First, I want to take a look our observed means and see what those look like when compared between the groups. To do this, I’m going to use the same boxplots from above, except I’m going to flip the axis and add a point for the mean for each group.
means_knee <- aggregate(knee_data, degrees ~ angle_type, FUN = mean)

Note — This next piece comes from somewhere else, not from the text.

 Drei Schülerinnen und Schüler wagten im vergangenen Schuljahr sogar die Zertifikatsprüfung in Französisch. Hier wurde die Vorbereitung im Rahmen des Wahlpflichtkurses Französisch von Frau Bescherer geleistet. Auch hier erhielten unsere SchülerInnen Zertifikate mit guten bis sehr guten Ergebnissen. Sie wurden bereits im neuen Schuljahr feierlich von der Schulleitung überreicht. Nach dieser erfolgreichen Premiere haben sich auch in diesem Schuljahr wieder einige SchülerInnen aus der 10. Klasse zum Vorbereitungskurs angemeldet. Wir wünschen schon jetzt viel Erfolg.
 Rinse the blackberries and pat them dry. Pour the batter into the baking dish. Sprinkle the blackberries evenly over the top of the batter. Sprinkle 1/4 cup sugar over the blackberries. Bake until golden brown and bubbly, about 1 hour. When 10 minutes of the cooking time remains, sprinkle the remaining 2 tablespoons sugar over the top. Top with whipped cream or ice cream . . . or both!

means_hip <- aggregate(hip_data, degrees ~ angle_type, FUN = mean)
# knee
ggplot() +
geom_boxplot(data = knee_data,
aes(x = angle_type, y = degrees, fill = angle_type, color = angle_type),
alpha = 0.2, show.legend = FALSE) +
geom_point(data = means_knee,
aes(x = angle_type, y = degrees, color = angle_type),
cex = 6, inherit.aes = FALSE, show.legend = FALSE) +
labs(title = "Knee",
x = "",
y = "") +
scale_x_discrete(labels = c("8° Decline", "8° Incline", "Flat", "4° Decline", "4° Incline")) +
coord_flip()
# hip
ggplot() +
geom_boxplot(data = hip_data,
aes(x = angle_type, y = degrees, fill = angle_type, color = angle_type),
alpha = 0.2, show.legend = FALSE) +
geom_point(data = means_hip,
aes(x = angle_type, y = degrees, color = angle_type),
cex = 6, inherit.aes = FALSE, show.legend = FALSE) +
labs(title = "Hip",
x = "",
y = "") +
scale_x_discrete(labels = c("8° Decline", "8° Incline", "Flat", "4° Decline", "4° Incline")) +
coord_flip()
The points represent the means for each angle. For the knee, we can see that Flat has a noticeably higher mean than the rest of the angles, but the rest of the angles appear to be nearly the same. For the hip, we see that the 4° Decline appears to have a lower mean than the rest, but the rest all have a similar mean.

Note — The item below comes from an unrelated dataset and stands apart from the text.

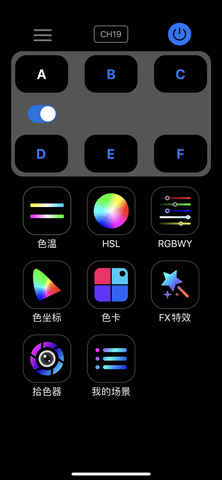该软件支持多种灯光分组控制,用户可以选择A、B、C、D、E、F等分组,轻松管理不同的蓝牙摄影灯,提升工作效率。
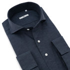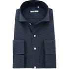 シャツは過剰な部分は排除し、機能を突き詰めたシンプルで快適なエレガントなシルエット。アームホールを細くすることにより、袖回りの余分なたるみをそぎ取り、美しいシルエットと動きやすさを併せたスリムアームを採用。立体的デザインで体になじむ型にする為、前身頃に対し後身頃を大きく取り、脇縫い部分を前に出すことで、動きやすさと適度なフィット感を出し、だぶつかず綺麗なシルエットを採用しています。

Lets see if these differences are significant or not.
aov_knee <- aov(degrees ~ angle_type, data = knee_data)
summary(aov_knee)
## Df Sum Sq Mean Sq F value Pr(>F)
## angle_type 4 2061 515.2 1.417 0.227
## Residuals 545 198172 363.6
aov_hip <- aov(degrees ~ angle_type, data = hip_data)
summary(aov_hip)
## Df Sum Sq Mean Sq F value Pr(>F)
## angle_type 4 1804 451.0 1.686 0.152
## Residuals 545 145766 267.5
Both tests returned a low F-value and a p-value greater than 0.05 which means that we fail to reject the null hypothesis and can conclude that there is no difference in the means of these different angle for both the knee and the hip.
There are many limitations to this experiment that may have changed the outcome of the results. The first one being that this study was only done on 3 people who were all healthy college students. It would be beneficial to run this experiment on people of all different ages and view the differences there. Gather more data is always better as well because it becomes better to make an inference about the population when you have more samples.
Another limitation is the surface that was used for walking. Since we were limited to a classroom, we had to improvise on the walking surface that was used. We used two narrow, pliable boards that got propped up when necessary. These boards were not completely stable, which meant that participants may have altered their normal gait patterns to stable themselves out. This could have lead to greater flexion recorded than what was expected.
Although we found no significant difference in this study, there are a bunch of real life applications for using these kinematics. This data could be used to to develop targeted rehabilitation programs to minimize the aggravations of conditions irritated by walking on an inclined surface. Along with this, sloped surfaces could be used in preventative care to help people with injuries avoid further damage. A final use case would be in the development of lower limb prostheses to allow for effective sloped motion.
Whether it was found to be significant or note, it is important to note these changes when treating someone with knee or hamstring pain, or if you are caring for the elderly. Sloped surfaces are a part of everyday life and learning how to effectively use them could lead to increased biomechanical results.
Special thanks to: Megan Quan, Marie Soto, and Jonathan Nahass for running this experiment with me!